It was Dr. King’s work during the Birmingham protests in 1963 that earned him national acclaim. Nowhere was the civil rights movement met with such open, government-sanctioned violence as Birmingham. During this time, Dr. King wrote one of the most important documents of the 20th Century, “Letter from Birmingham Jail,” where he defended his organization’s presence in Birmingham. In defending protestors who came from out of state, he argued famously that “injustice anywhere is a threat to justice everywhere” and that there could be no delay in having his group’s demands met. The city eventually caved in to most of Dr. King’s demands and agreed to desegregate Birmingham.

It’s important to remember that it was not simply the South where Dr. King’s message was met with violence. In 1966, Dr. King sought to end discriminatory housing practices in Chicago, and his marches were met with the same (if not greater) violence than in the South.

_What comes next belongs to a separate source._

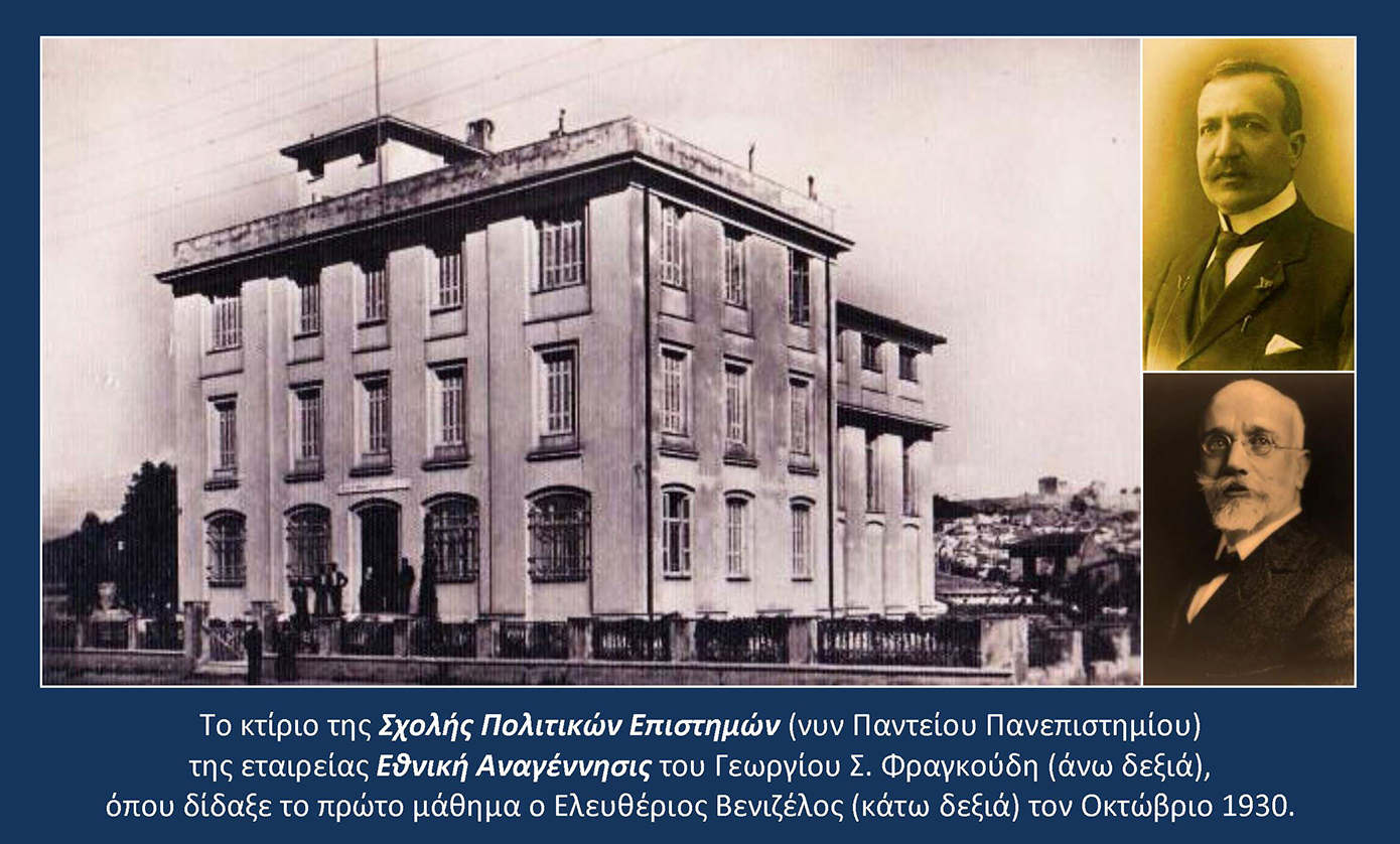 - «Πάντειος Σχολή Πολιτικών Επιστημών» (νυν Πάντειον Πανεπιστήμιο): το πρώτο μονοθεματικό πανεπιστήμιο στην Ελλάδα, το οποίο ιδρύθηκε από την ιδιωτική εταιρεία «Εκπαιδευτική Αναγέννησις» του Γεωργίου Σ. Φραγκούδη με έτος ιδρύσεώς της το 1924 (πριν 100 χρόνια)

The resistance to economic justice was every bit as threatening to the power structures of the North as in the South. As Dr. King was quick to point out, the abuses of power know no geographic boundaries.

In 1968, Dr. King was assassinated. He was in Memphis to help organize African-American public employees who were being paid less and forbidden to work as many hours as whites.

He was 39.

Dr. King’s dream has progressed since his death. The quality of life and freedoms afforded to African-American men and women are the best they have been in American history. That we twice elevated an African-American to the office of the Presidency is both a celebration of that progress and a keen reminder of the unevenness of that progress. We can point to expanded economic opportunity or greater access to education or more representation in the halls of power, but those all come tinged with the knowledge that these are only a fraction of what Dr. King ultimately demanded. 

For Dr. King, it was not simply about securing the vote for African-Americans or ending the more visible signs of segregation. It was about full acceptance into every aspect of American society. It was about earning as much as whites, having the same housing opportunities as whites–becoming equal partners in the American experiment. That we still have so many politicians who can channel an opposition of Dr. King’s agenda into a hatred of “government” or “welfare” or “liberals” speaks to how ingrained into our society the flaws of our forefathers still are.

I am not opposed to a smaller government or a smaller welfare state, but sometimes, these positions are simply a mask for denying political power to the kind of people Dr. King sought to elevate. We do great disservice to this nation to uphold the man that Dr. King was, but allow ourselves to fall prey to this new incarnation of racial indifference, where so many deny others from having the basic social and economic security that they themselves would never tolerate not having.   

Still, the progress Dr. King and others brought upon this nation ought to give us great comfort. Dr. King’s story is uniquely celebrated for very good reason: his blueprint for racial equality was one that rejected violence and hatred, and it is one that we’ve seen replicated with success throughout the world. Throughout human history, the oppressed and downtrodden had their political rights acknowledged only after wars and widespread violence. Certainly, the 20th century up to that point suggested that African-Americans would only receive full political rights after militarizing and meeting violence with violence. But Dr. King (as did his role model, Mahatma Gandhi) showed that a revolution could be won by people with no guns, with little money, and with very little established political power. That this message has become so intertwined with the American story, and that Dr. King now stands with our nation’s founding fathers in the molding of this nation–it is one of the great triumphs in American history.


A few years ago, my wife and I visited the King Memorial shortly after it opened in Washington, DC. As we walked around, I found myself looking less at the memorial itself and more at where the memorial was positioned on the Mall.

The King Memorial stands across the Tidal Basin from the Jefferson Memorial. Over your shoulder is the World War II Memorial. High above it all stands the pointed top of the Washington Memorial. Through a patch of trees and over the Reflecting Pool are the stairs to the Lincoln Memorial, where Dr. King himself delivered the seminal speech of the civil rights movement.

After thinking all this, I could not help but laugh. Among these physical manifestations of our nation’s highest ideals and proudest accomplishments stands the stern bust of Dr. Martin Luther King, Jr. 

And I thought to myself, “This is a miracle. A complete and utter miracle.”